The all-inclusive holiday has been revived as travellers try to keep to a tight budget. Going all-inclusive has become hugely popular due to the recession, as holiday makers keep the holiday spending to a minimum.
Now First Choice, one of the UK’s largest travel operators, has announced it will be embracing this trend and making all of its holidays all-inclusive from 2012. This leaves travellers to pay for their holiday and need little in the way of spending money when actually abroad. Everything from flights, to food and drink – including alcoholic beverages – are included
Johan Lundgren, the UK and Ireland managing director of First Choice’s parent company Tui said: ‘All-inclusive is becoming the holiday of choice for many British consumers, offering them great value for money, yet there is no mainstream holiday company currently offering a completely all-inclusive portfolio’.

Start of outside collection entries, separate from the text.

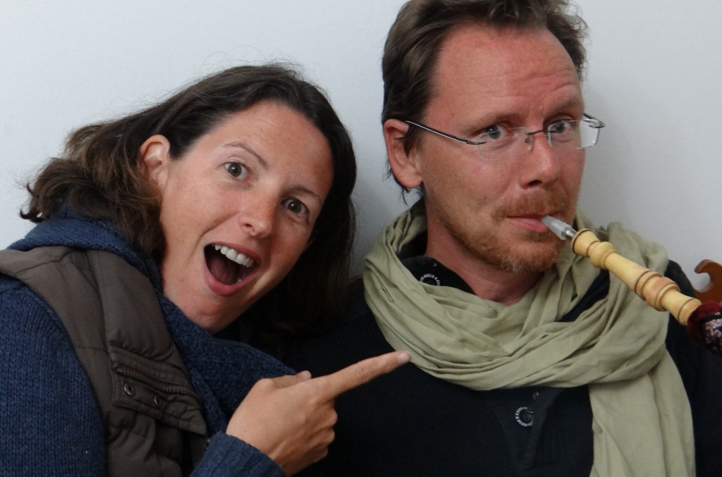 After dinner we moved into the main reception area where there are several sofas to relax on. The small fire, which we’d earlier doubted would ever warm the room, had shown it’s true purpose – it was for keeping the fuel for the chicha pipes hot. Stood around the sofas the waist high glass and metal contraptions were ready with tinfoil cones on the top containing hot coals from the fire. Neither of us smoke, so we were very dubious about having a go, but having seen so many people bubbling away in cafes, it needed to be done. Ismail had filled the pipes with apple flavoured tobacco (bitufaah), supposedly the best flavour, and we nervously took it in turns to suck on the disposable plastic end piece of our pipe, while holding onto the carpet covered handle.
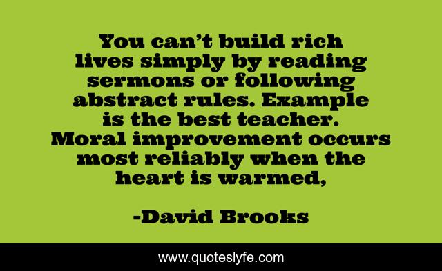 This page presents the quote "You can’t build rich lives simply by reading sermons or following abstract rules. Example is the best teacher. Moral improvement occurs most reliably when the heart is warmed, ". Author of this quote is David Brooks. This quote is about discipleship, character,.
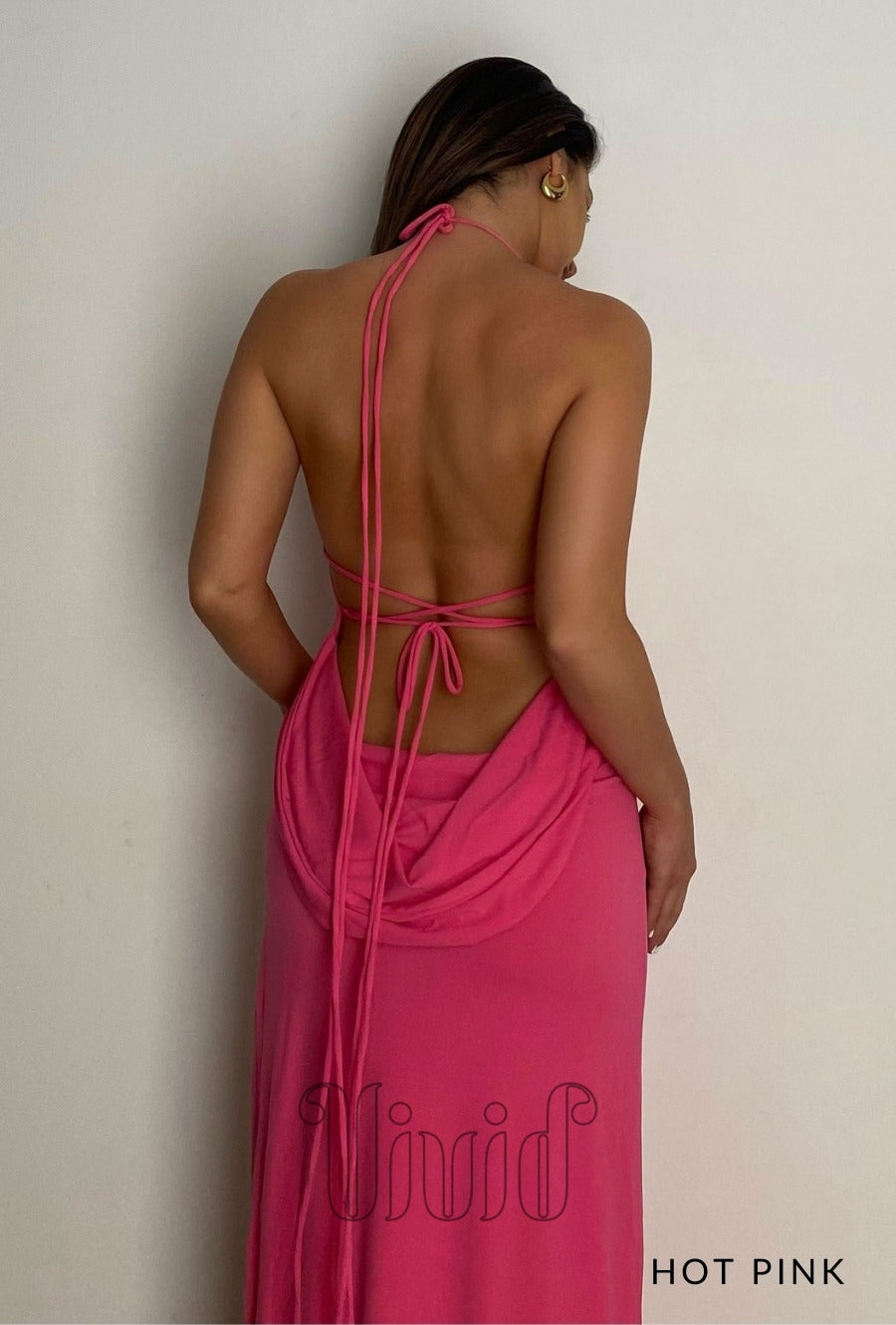 Melani The Label Marlo Gown in Hot Pink / Pinks
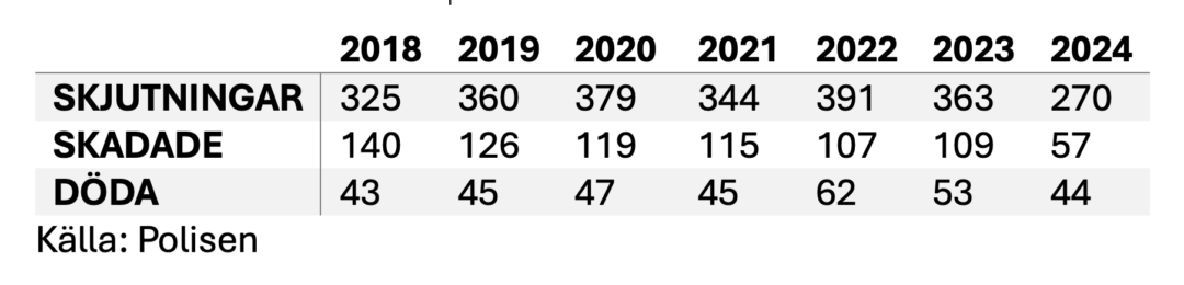 2018 började polisen föra tillförlitlig statistik på området. Sedan dess har skjutningarna varje år legat över trehundra, antalet skadade över hundra och dödsfallen mellan 43 och 62. Fram till förra året. Visserligen låg dödsskjutningarna inom det vanliga intervallet, men antalet skottlossningar och skadade har minskat påtagligt. Och den viktigaste siffran är inte dödsfallen i sig, utan summan av dödsskjutningar och skottskador, säger Granath.

He continued: ‘People can leave their wallets at home and relax – they won’t have to worry about spending money when they’re abroad’.
Promising to continue to offer highly competitive prices, First Choice have said families can expect to save around £500 by going all-inclusive rather than just bed and breakfast.
Growth in the all-inclusive market has been huge, rising 32 per cent in the last five years, which has lead to this change.
All-inclusive deals currently being offered on the First Choice website for travel in April include seven nights in the Algarve from £264 and four nights in Cyprus from £323.